Introduction

Welcome, reader, to another Mind technical article!

This article is the second in a series covering the steps involved in setting up an A/B boot and update scheme with qemu-x86_64. The first article covered the basics with Buildroot.

This alone was not sufficient, and so in this second part, we will take a look at what is missing. More specifcally, we will develop the scripts defining the required partition layout, implement the A/B selection logic in a U-Boot script, detail the configuration for RAUC and, finally, customize the Linux kernel’s build options.

Scripts for A/B Boot

Buildroot uses several stages of scripting to fine-tune the software artifacts that are flashed to an embedded device.

We use a build-time post-image script to generate the A/B partition layout and a suitable U-boot environment. A post-build script ensures this U-boot environment is accessible from the Linux OS. Another dedicated U-boot run-time script implements the boot partition selection logic.

The Post-Image Script

The post-image script created in the first blog post during Buildroot configuration was essentially empty. This script is called right after Buildroot has finished generating the file system image. In our case, it should generate the U-boot environment and set up the image partition layout defined in a genimage.cfg configuration file that we will flesh out later.

Its contents should be put in a blog-dir/board/qemu-x86_64-AB/post-image.sh file:

#!/bin/bash

BOARD_DIR="$(dirname $0)"
BOARD_NAME="$(basename ${BOARD_DIR})"


main() {
	#find uboot-tools
	pushd ${BUILD_DIR}
	U_BOOT_TOOLS=$(find -maxdepth 1 -type d -name "host-uboot-tools-*")
	if [ -z "$U_BOOT_TOOLS" ]; then
		echo "ERROR: Could not find host uboot-tools"
		exit 1
	fi
	U_BOOT_TOOLS=$(realpath $U_BOOT_TOOLS/tools)
	popd


	#Buildroot compiles the script automatically, and outputs it in host-uboot-tools
	#To refresh the script, rebuild host-uboot-tools.
	cp $U_BOOT_TOOLS/boot.scr ${BINARIES_DIR}/boot.scr

	#Build a filesystem for our compiled script
	mkdir -p ${BUILD_DIR}/tmproot
	cp ${BINARIES_DIR}/boot.scr ${BUILD_DIR}/tmproot/
	rm -f ${BINARIES_DIR}/boot.ext2
	mkfs.ext4 -d ${BUILD_DIR}/tmproot -t ext2 -r 1 -N 0 -m 5 -L "boot" -I 256 -O ^64bit,^metadata_csum ${BINARIES_DIR}/boot.ext2 "1M"
	rm -r ${BUILD_DIR}/tmproot


	#Generating the image according to the layout given in the genimage.cfg
	support/scripts/genimage.sh -c "${BOARD_DIR}/genimage.cfg"
	exit $?
}

main $@

We disable the metadata_csum option when generating boot.ext4 to ensure compatibility with U-boot’s ext file system driver. The genimage.cfg configuration file mentioned earlier is given below. Its content should be put in the blog-dir/board/qemu-x86_64-AB/genimage.cfg file.

image qemu.img {
	hdimage {
		partition-table-type = "gpt"
	}
	partition ubootdata {
		image = "boot.ext2"
		size = 1M
	}
	partition rootfs1 {
		image = "rootfs.ext4"
	}
	partition rootfs2 {
		image = "rootfs.ext4"
	}
}

The Post-Build Script

The post-build script helps us modify the target file system before it is converted to a file system image. Indeed, to access U-boot’s environment from Linux, we need to mount the U-boot data partition during Linux’s boot.

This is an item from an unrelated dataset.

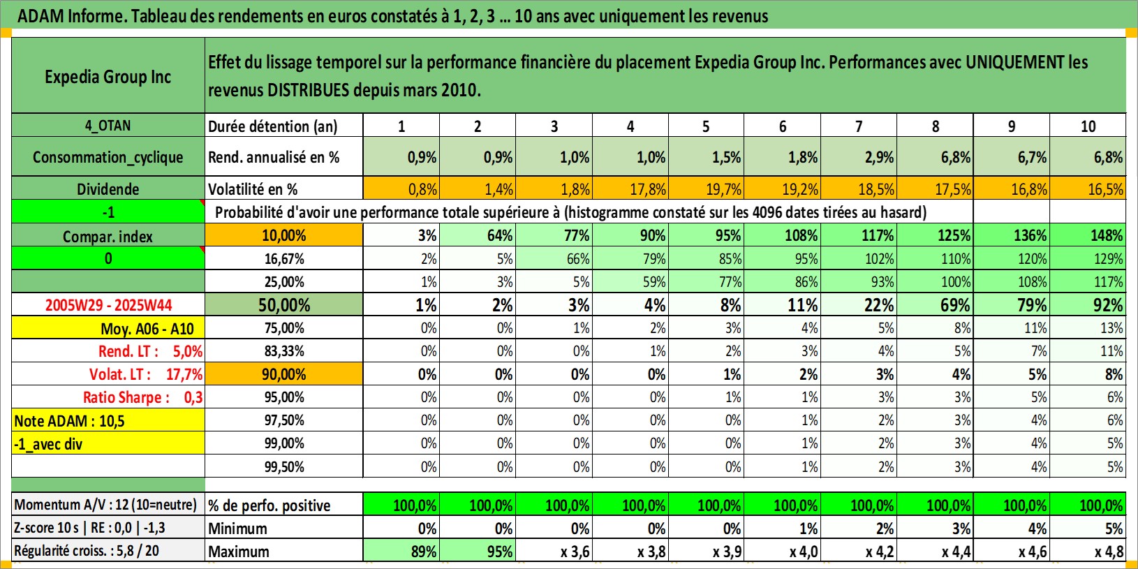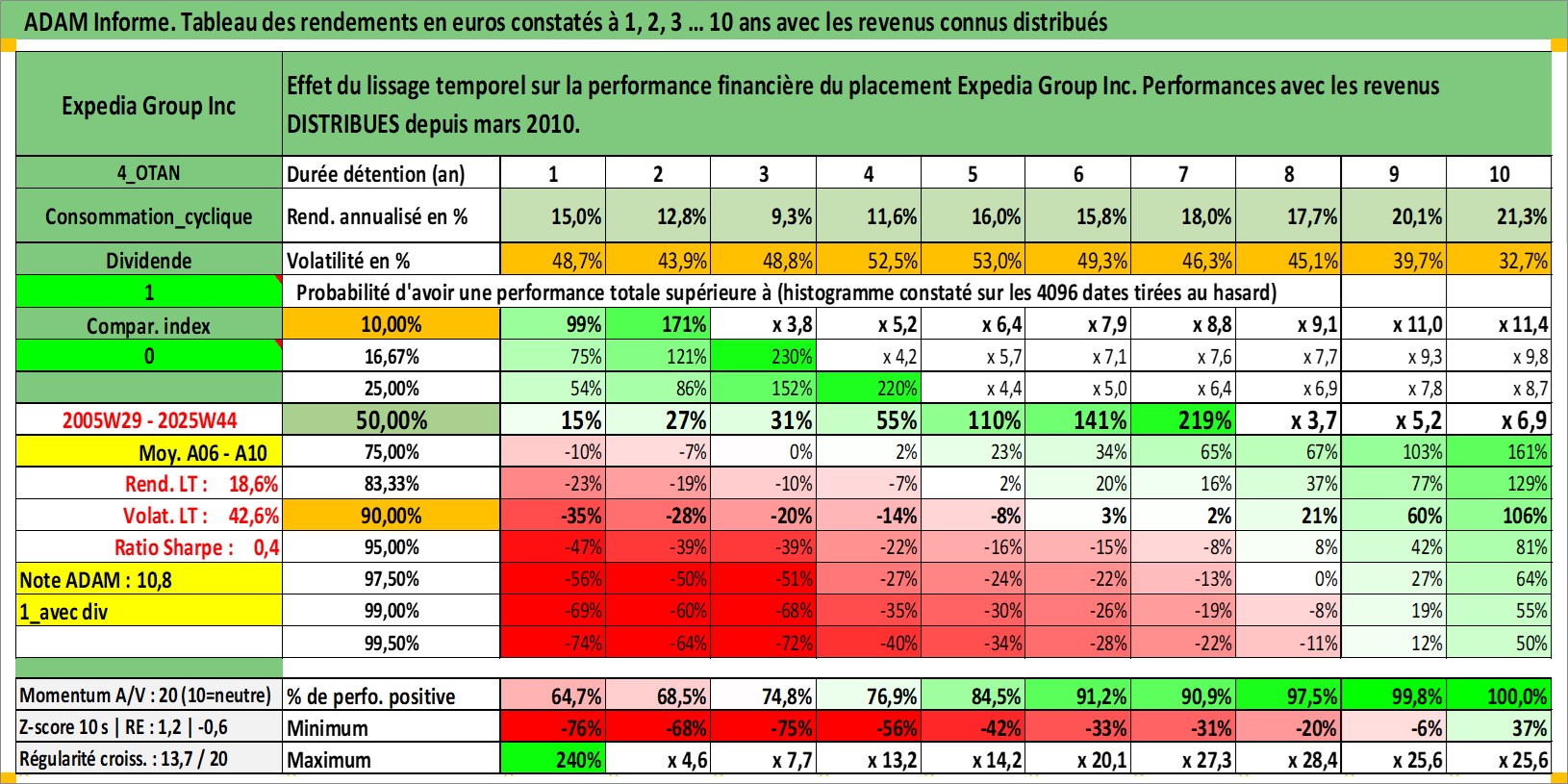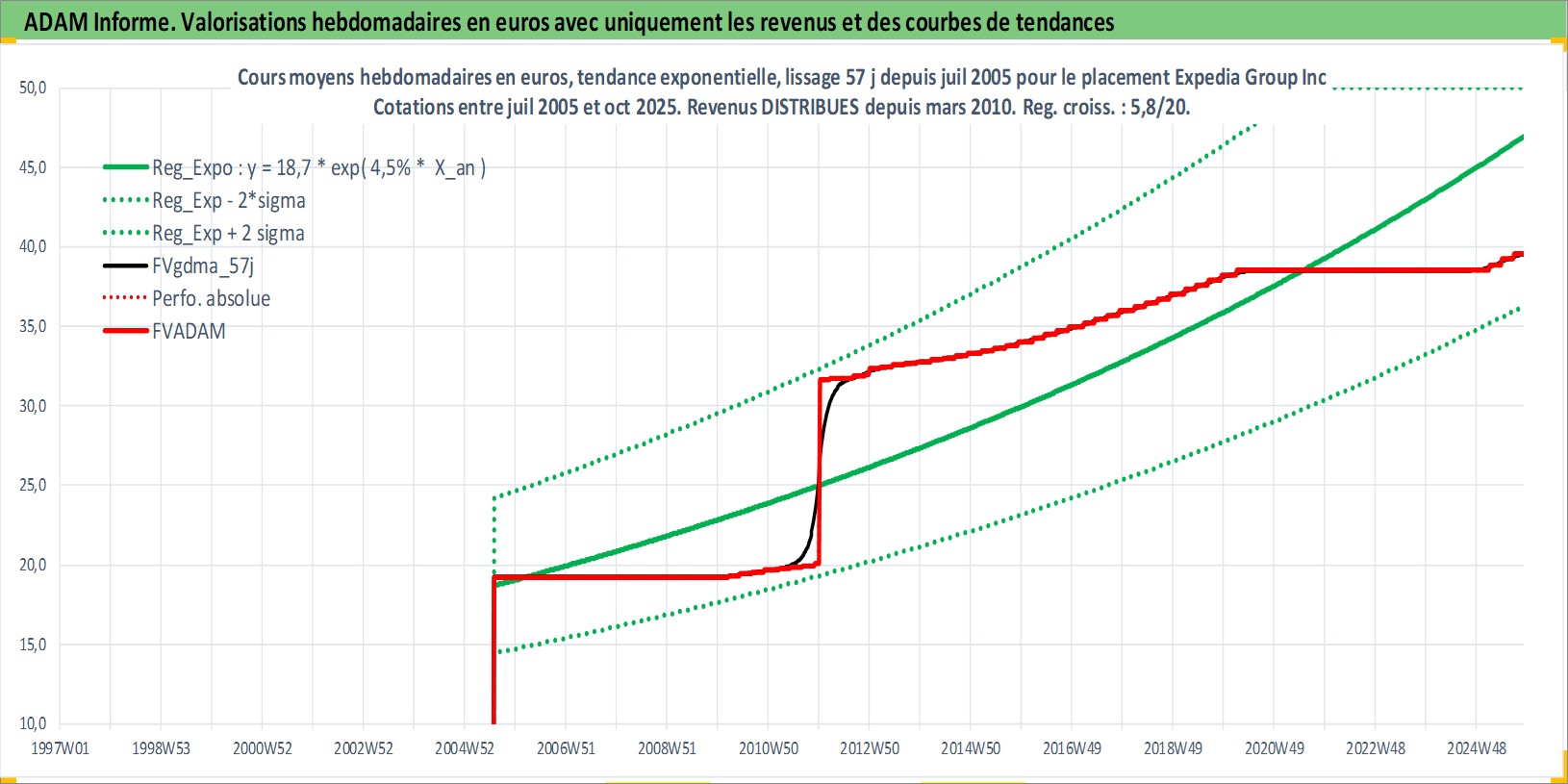 Site dédié aux investisseursPage dédiée sur site financeAnalyse des valorisations hebdomadaires de l'action Expedia Group Inc. Cet actif est cote en USD. Les valorisations sont en contrevaleur EURO et couvrent les semaines 2005W29 a 2025W44. Les revenus de cet actif financier sont pris en compte depuis la semaine 2010W10. La note globale ESG de cet actif est estimee a 7.0 (apres rebasage entre 0 et 20).

This is achieved by adding a line to the /etc/fstab file of the target’s file system with the following script, this should be put in the file blog-dir/board/qemu-x86_64-AB/post-build.sh.

#!/bin/bash

BOARD_DIR="$(dirname $0)"
BOARD_NAME="$(basename ${BOARD_DIR})"


main() {
    # Append instructions to auto-mount the environment partition
    MOUNT="/dev/vda1       /mnt/uboot      ext2    rw,defaults     0       0"
    if grep -Pq "$MOUNT" "$TARGET_DIR/etc/fstab"; then
        echo "Mounting uboot env already enabled"
    else
        echo "$MOUNT" >> "$TARGET_DIR/etc/fstab"
    fi
}

main $@

The U-boot Script

In the RAUC documentation we can find an example of a U-boot boot script for an A/B boot scheme. We use this as a starting point for our own script.

Because we use a virtualised disk and a specific partitioning layout with qemu , this scripts requires changes for the definitions of the A and B partitions: From the partition layout we can deduce that the partition numbers are 2 and 3. The storage interface connecting the virtual disks to U-boot is virtio.

Changes with Reference

test -n "${BOOT_A_DEV}" || setenv BOOT_A_DEV "virtio 0:2"
test -n "${BOOT_B_DEV}" || setenv BOOT_B_DEV "virtio 0:3"

We must also specify where U-boot should search for the kernel images on each partition, but be careful with the kernel image file: its name and compression varies with the target system.

setenv load_kernel "load ${BOOT_A_DEV} ${kernel_addr_r} /boot/bzImage"
setenv bootargs "${default_bootargs} root=/dev/vda2 rauc.slot=A"

setenv load_kernel "load ${BOOT_B_DEV} ${kernel_addr_r} /boot/bzImage"
setenv bootargs "${default_bootargs} root=/dev/vda3 rauc.slot=B"

We also need to specify the default Linux kernel launch arguments:

setenv default_bootargs "rootwait console=ttyS0 debug earlyprintk=ttyS0,115200"

The last step is to configure U-boot’s boot command. Beware that it may differ based on the target.

zboot ${loadaddr_kernel}

Complete U-boot Script

The complete U-boot script is put in ../board/qemu-x86_64-AB/ab-uboot.script and has this contents:

test -n "${BOOT_ORDER}" || setenv BOOT_ORDER "A B"
test -n "${BOOT_A_LEFT}" || setenv BOOT_A_LEFT 3
test -n "${BOOT_B_LEFT}" || setenv BOOT_B_LEFT 3

test -n "${BOOT_A_DEV}" || setenv BOOT_A_DEV "virtio 0:2"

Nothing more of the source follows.